Abstract:
The invention relates to an apparatus in a computer system for transmitting signals from one processor to one or several other processors connected to the same bus system so that the signals having priority are transmitted without time delay and that the sequence of signals without priority is not changed. Each processor contains a sender buffer for sending all the signals and a queue buffer for storing signals without priority. If signals having no priority prevent signals having priority from being transmitted through the bus system because of congestion in the receiving equipment, the apparatus allows such signal having no priority to move from the sender buffer to the first place in said queue buffer. The apparatus also includes detecting means which activate a logical circuit when the following conditions are fulfilled: 
     a the sender buffer is occupied; 
     b there is congestion in the receiving device; 
     c the signal in the sender buffer is a signal without priority; and 
     d a signal having priority is to be fed into the sender buffer 
     When the logical circuit is activated it delivers an output to a control signal circuit which, when activated, produces a signal on a first output and with a slight time delay produces a signal on a second output. The first of these output signals activates gate circuits for moving the contents of the sender buffer into the first place in the queue buffer. The second of said output signals activates a gate circuit for feeding the signal having priority into the sender buffer.

Description:
BACKGROUND OF THE INVENTION 
     The invention relates to apparatus in a computer system for transmitting signals from one processor to one or several other processors connected to the same bus system wherein each processor contains a sender buffer for sending all the signals and a queue buffer for storing signals without priority, so that the signals having priority are transmitted without time delay and that the sequence of signals without priority is not changed. 
     In computer systems there is a need for exchange of signal information between processors connected to the same bus system. During such a signal exchange the problem arises that the processors treat the signals very rapidly in relation to the delay through the signal transmitting means, so that queues arise. The occurrence of queues will result in worse utilization of the capacity of the processors as they are subject to long periods of waiting. 
     In order to solve the problem that queues arise in known systems a buffer memory of some kind is used, e.g., as is shown in the Swedish Patent application No. 313.849. The disadvantage of known systems is that no difference is made between signals with no priority and signals having priority when loading them into the sender buffer thus a signal without priority that will be sent to the processor can be waiting and block a signal having priority that will be sent to another processor. 

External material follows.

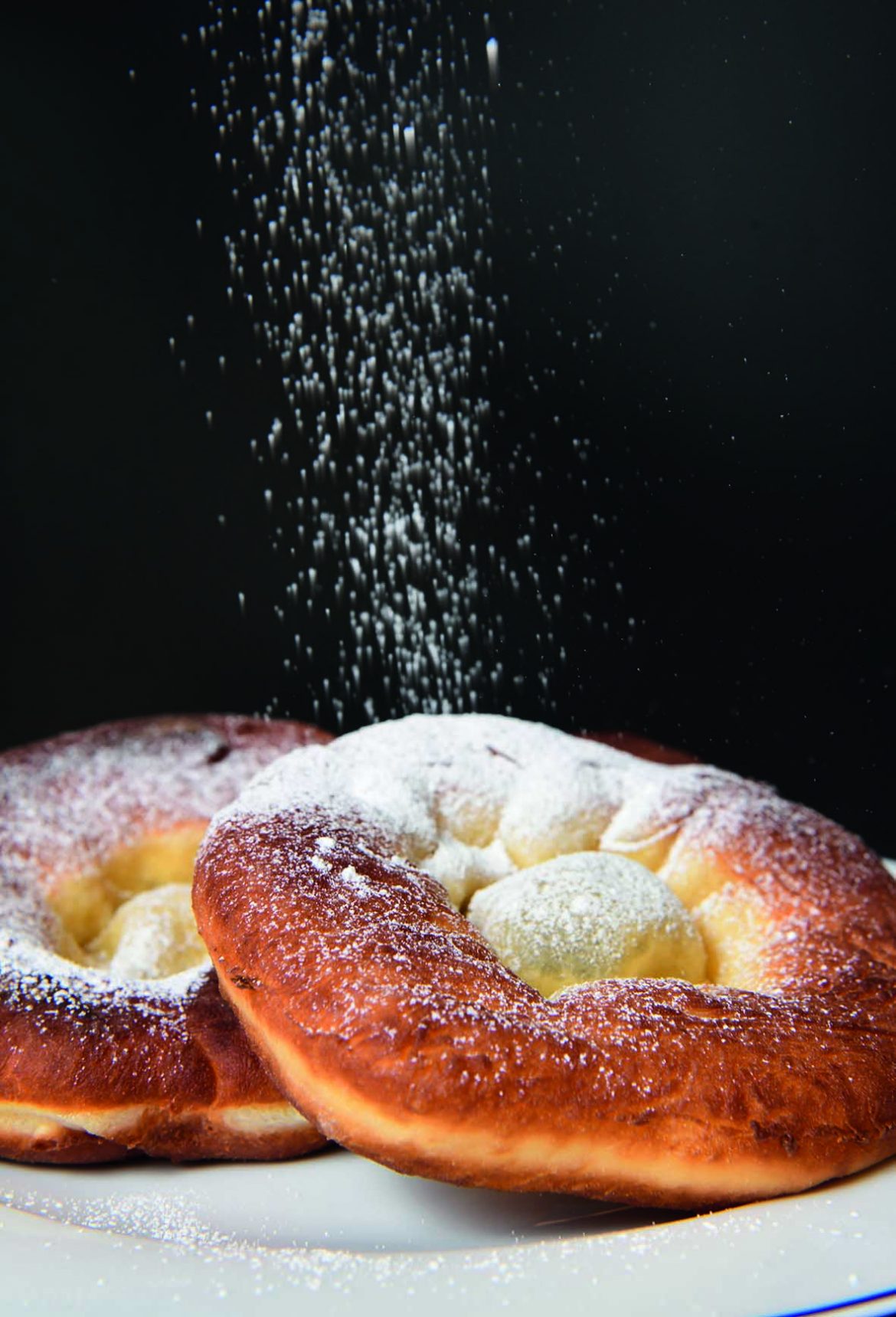 Germ mit etwas Zucker verbröseln. Der Germ verflüssigt sich. Mit den restlichen Zutaten zu einem geschmeidigen Teig kneten. Den Teig um das doppelte Volumen aufgehen lassen. Den Teig zusammenschlagen, auswalken bzw. flachdrücken und mit einer runden Form (z.B. Tasse) Kreise ausstechen. Diese zu runden Kugeln formen. Aufgehen lassen. Backfett erhitzen. Die Teigkugeln zu Fladen ziehen. Beim Ziehen soll ein Rand entstehen, in der Mitte soll der Teig sehr dünn sein. Vorsichtig in heißes Fett einlegen. Die dünne Teigmitte soll sich aufplustern und ein „Schüsserl“ bilden. Beidseitig goldbraun backen. Abtropfen lassen und mit Staubzucker bestreuen.

     The invention, which solves the mentioned problem, is characterized according to the claims. 
    
    
     BRIEF DESCIPTION OF THE DRAWING 
     The invention is described more in detail below by means of an embodiment with reference to the accompanying drawing whose sole FIGURE shows a block diagram of an arrangement according to the invention included in a computer connected through a bus system to one or more computers. 
    
    
     DESCRIPTION OF THE PREFERRED EMBODIMENT 
     The apparatus, according to the invention, is included in, e.g., a central processor CP, shown in the FIGURE. The task of the processor inter alia is to exchange information signals with other processors, e.g., regional processors RP connected to the same bus system. As appears from the FIGURE, the apparatus includes a sender buffer SB the task of which is to store a signal composed of several signal words and to send that signal towards the bus one signal word at a time. The buffer SB is only storing one such signal at a time. The apparatus further contains a queue buffer QB for storing a number of signals without priority and if the sender buffer SB is occupied, said signals are put at the end of the queue buffer except for when, as later shall be shown, a signal without priority has been removed from the sender buffer by a signal having priority. The signal without priority is then put as first into the queue buffer QB. To the queue buffer are connected two registers QBu and QB1. The register QBu indicates the first occupied position in the queue buffer and the register QB1 indicates the first free position in the queue buffer. To the sender buffer SB is connected a flip-flop SBu the task of which is to transmit a signal the polarity of which is determined by the free or occupied state of the sender buffer. A logical zero signal from the flip-flop indicates that the buffer is free, a logical one signal from the flip-flop indicates that the buffer is occupied. A further flip-flop CON has the task of giving information about whether congestion occurs in a receiving processor or not. 
     A logical zero signal from the flip-flop indicates that the receiving processor is not blocked while a logical one signal from the flip-flop indicates that the processor is busy. A time supervision circuit T has the function to transmit, after the reception of an acknowledgement signal from the regional processor, an acknowledgement signal after a certain time period to the flip-flop CON in order to give information that the regional processor has received the message. If an acknowledgement signal fails to arrive from a receiving processor, it is considered to be blocked and a logical one signal is transmitted from the flip-flop CON. A flip-flop TS has the purpose of giving information about which type of signal is stored in the sender buffer SB. A zero from TS indicates that a signal without priority is placed in the buffer, while a logical one from the flip-flop TS indicates that a signal having priority is placed in the buffer. A logical circuit consisting of a number of AND-circuits and OR-circuits has the purpose of passing control- and data signals from the control unit and the data memory of the processor to the various buffers. In connection with the FIGURE, signal paths and activated circuits for a number of different processes will be described below. For all purposes it is valid that a certain type of control signal is transmitted from the control unit CU in the central processor CP. The transmitting of a control signal SOP implies, e.g., transmission of a signal without priority from a data memory DM in the CP to the central processor receiving regional processor RP. Another control signal SP from the control unit implies transmitting of a signal having priority from the data memory in central processor CP to the receiving RP. Which type of signal that will be sent is determined by the micro-program of the computer.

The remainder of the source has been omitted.